# Supplied data:
= Beginning of Section =

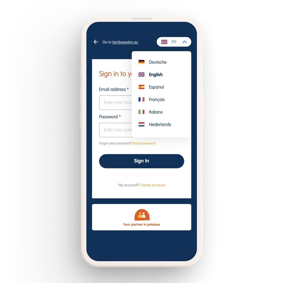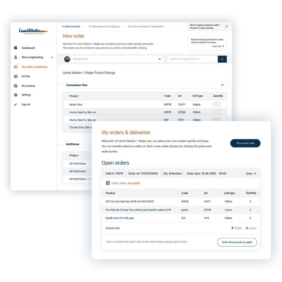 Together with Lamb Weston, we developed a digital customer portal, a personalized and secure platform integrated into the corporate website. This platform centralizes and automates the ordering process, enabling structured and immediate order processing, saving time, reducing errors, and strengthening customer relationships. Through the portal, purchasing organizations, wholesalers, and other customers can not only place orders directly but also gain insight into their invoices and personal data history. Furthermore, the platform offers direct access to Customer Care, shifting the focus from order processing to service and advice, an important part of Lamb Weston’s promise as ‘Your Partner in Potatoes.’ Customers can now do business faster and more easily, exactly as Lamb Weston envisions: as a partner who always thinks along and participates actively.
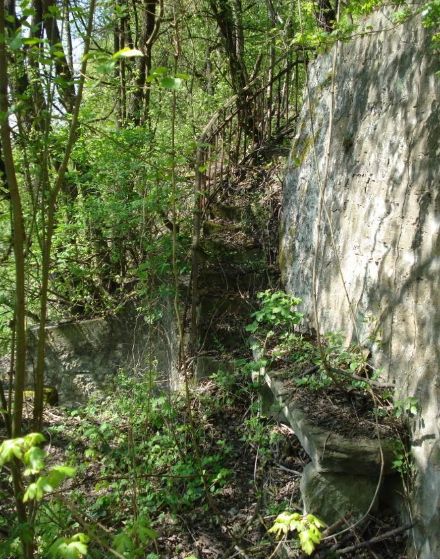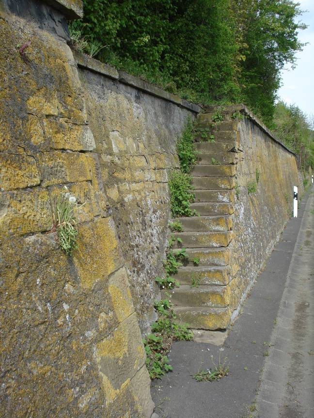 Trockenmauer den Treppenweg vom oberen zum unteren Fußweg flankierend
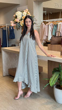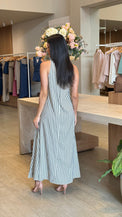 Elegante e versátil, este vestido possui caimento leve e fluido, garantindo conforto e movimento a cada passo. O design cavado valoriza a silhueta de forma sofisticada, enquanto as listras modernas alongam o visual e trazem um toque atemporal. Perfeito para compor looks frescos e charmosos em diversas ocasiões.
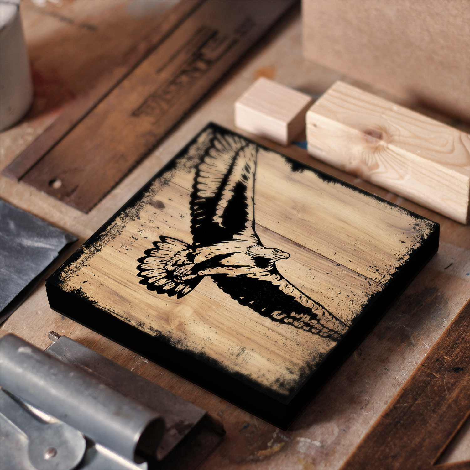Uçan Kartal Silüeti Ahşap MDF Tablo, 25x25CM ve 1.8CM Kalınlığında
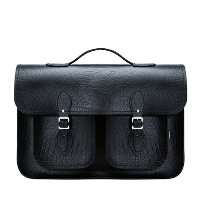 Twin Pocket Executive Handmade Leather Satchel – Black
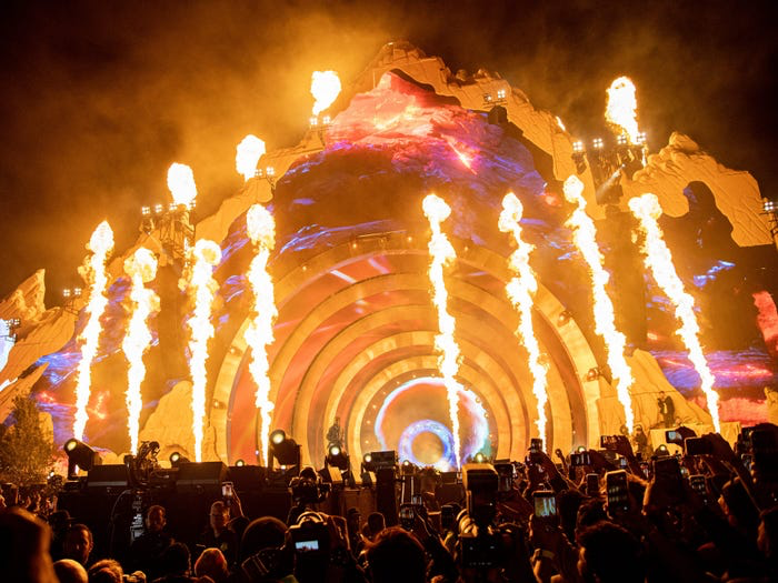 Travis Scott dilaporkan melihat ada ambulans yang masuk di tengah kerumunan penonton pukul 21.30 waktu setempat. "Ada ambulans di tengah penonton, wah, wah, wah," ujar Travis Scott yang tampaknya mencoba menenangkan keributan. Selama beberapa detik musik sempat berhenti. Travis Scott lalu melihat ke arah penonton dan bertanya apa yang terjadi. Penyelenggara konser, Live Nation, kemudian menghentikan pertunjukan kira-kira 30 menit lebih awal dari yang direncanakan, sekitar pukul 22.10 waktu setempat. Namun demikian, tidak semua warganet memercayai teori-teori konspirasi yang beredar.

= End of Section =

Starting at the line that contains "Elegante e versátil, este", please write out each line through the last line of the data, both ends included, and keep pictures out of the copy.

# Exercise answer:
 Elegante e versátil, este vestido possui caimento leve e fluido, garantindo conforto e movimento a cada passo. O design cavado valoriza a silhueta de forma sofisticada, enquanto as listras modernas alongam o visual e trazem um toque atemporal. Perfeito para compor looks frescos e charmosos em diversas ocasiões.
Uçan Kartal Silüeti Ahşap MDF Tablo, 25x25CM ve 1.8CM Kalınlığında
 Twin Pocket Executive Handmade Leather Satchel – Black
 Travis Scott dilaporkan melihat ada ambulans yang masuk di tengah kerumunan penonton pukul 21.30 waktu setempat. "Ada ambulans di tengah penonton, wah, wah, wah," ujar Travis Scott yang tampaknya mencoba menenangkan keributan. Selama beberapa detik musik sempat berhenti. Travis Scott lalu melihat ke arah penonton dan bertanya apa yang terjadi. Penyelenggara konser, Live Nation, kemudian menghentikan pertunjukan kira-kira 30 menit lebih awal dari yang direncanakan, sekitar pukul 22.10 waktu setempat. Namun demikian, tidak semua warganet memercayai teori-teori konspirasi yang beredar.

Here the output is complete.